• _Provided material_:
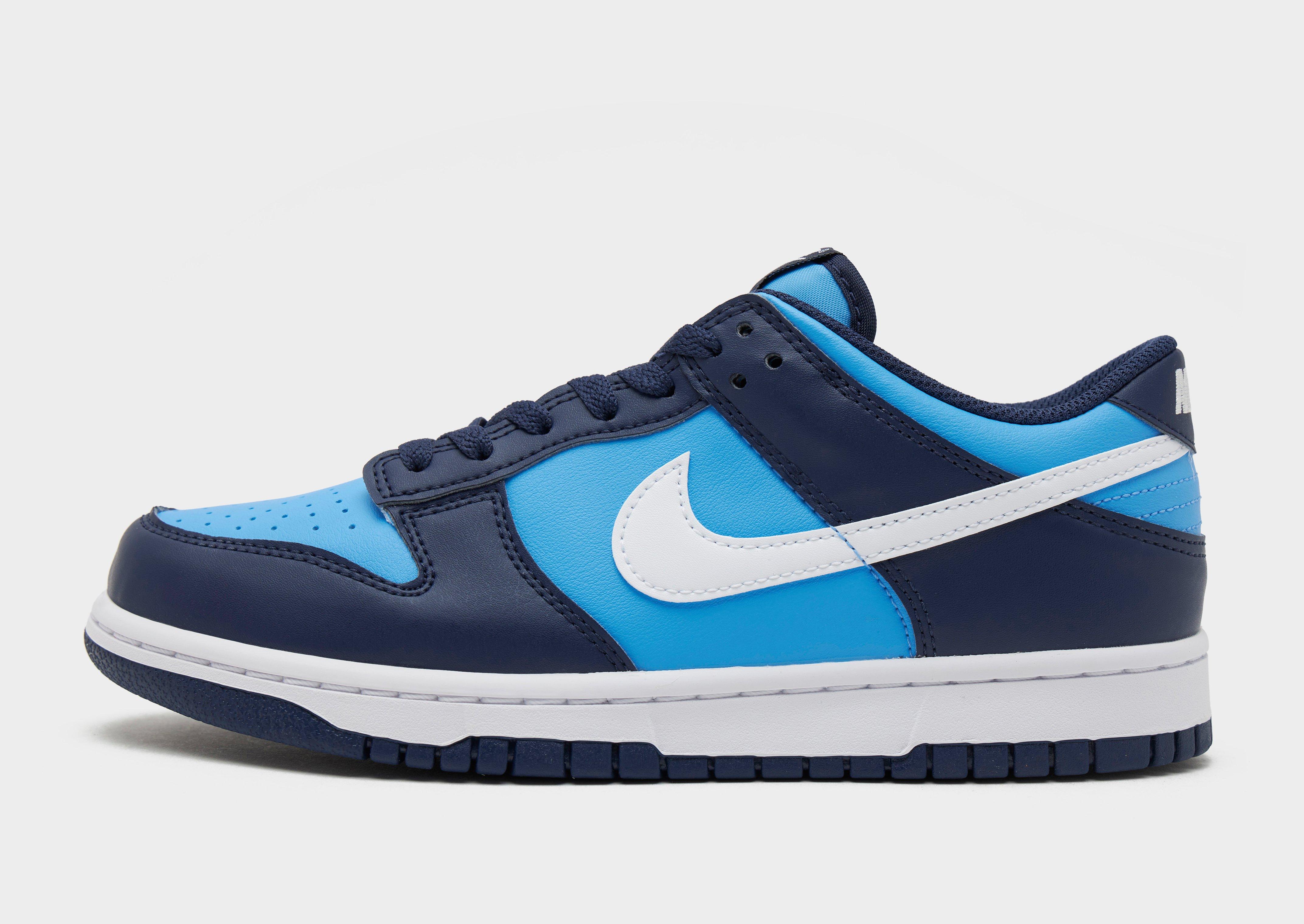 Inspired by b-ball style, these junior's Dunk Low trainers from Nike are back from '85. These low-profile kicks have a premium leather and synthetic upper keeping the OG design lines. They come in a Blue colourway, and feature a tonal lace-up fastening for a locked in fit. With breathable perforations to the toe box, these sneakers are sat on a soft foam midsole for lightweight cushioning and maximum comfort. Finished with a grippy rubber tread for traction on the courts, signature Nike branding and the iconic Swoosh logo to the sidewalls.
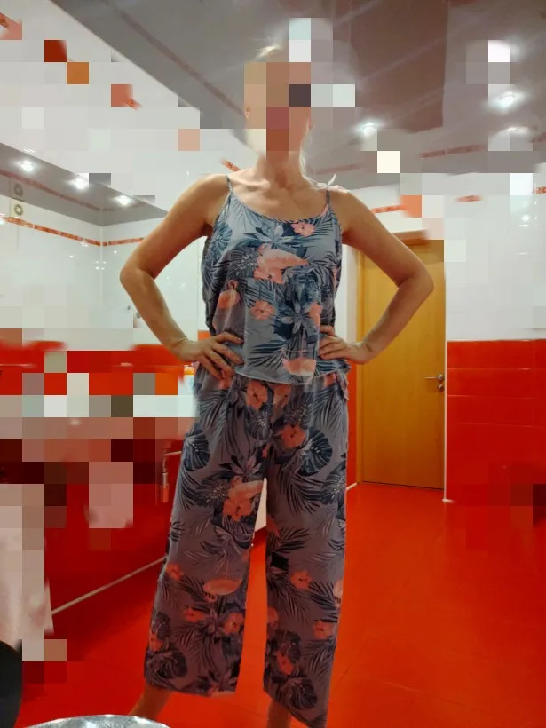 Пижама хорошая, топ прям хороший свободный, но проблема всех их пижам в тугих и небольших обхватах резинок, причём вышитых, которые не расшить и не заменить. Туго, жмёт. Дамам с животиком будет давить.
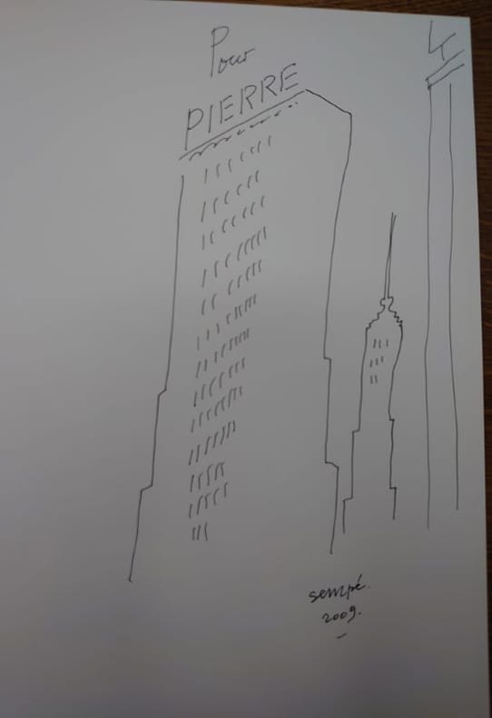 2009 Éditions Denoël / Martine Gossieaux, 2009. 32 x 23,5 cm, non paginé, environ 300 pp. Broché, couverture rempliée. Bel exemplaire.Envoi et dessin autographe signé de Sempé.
* * *
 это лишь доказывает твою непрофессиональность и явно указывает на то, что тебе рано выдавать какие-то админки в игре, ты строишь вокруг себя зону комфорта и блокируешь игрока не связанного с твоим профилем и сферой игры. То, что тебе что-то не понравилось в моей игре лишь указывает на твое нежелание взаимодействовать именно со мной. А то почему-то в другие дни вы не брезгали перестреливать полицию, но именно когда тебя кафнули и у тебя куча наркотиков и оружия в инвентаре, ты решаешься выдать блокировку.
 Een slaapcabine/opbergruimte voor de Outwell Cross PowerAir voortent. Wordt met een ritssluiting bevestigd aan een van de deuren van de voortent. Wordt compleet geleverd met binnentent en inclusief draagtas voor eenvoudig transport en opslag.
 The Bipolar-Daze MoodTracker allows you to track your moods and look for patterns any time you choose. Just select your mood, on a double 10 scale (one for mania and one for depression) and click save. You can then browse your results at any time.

• _What to produce_: Reproduce, exactly and only, the lines of the records above starting at the line with "Inspired by b-ball" and ending at the line with "Пижама хорошая, топ", both included. Leave every picture out.

• _Answer space_:
 Inspired by b-ball style, these junior's Dunk Low trainers from Nike are back from '85. These low-profile kicks have a premium leather and synthetic upper keeping the OG design lines. They come in a Blue colourway, and feature a tonal lace-up fastening for a locked in fit. With breathable perforations to the toe box, these sneakers are sat on a soft foam midsole for lightweight cushioning and maximum comfort. Finished with a grippy rubber tread for traction on the courts, signature Nike branding and the iconic Swoosh logo to the sidewalls.
 Пижама хорошая, топ прям хороший свободный, но проблема всех их пижам в тугих и небольших обхватах резинок, причём вышитых, которые не расшить и не заменить. Туго, жмёт. Дамам с животиком будет давить.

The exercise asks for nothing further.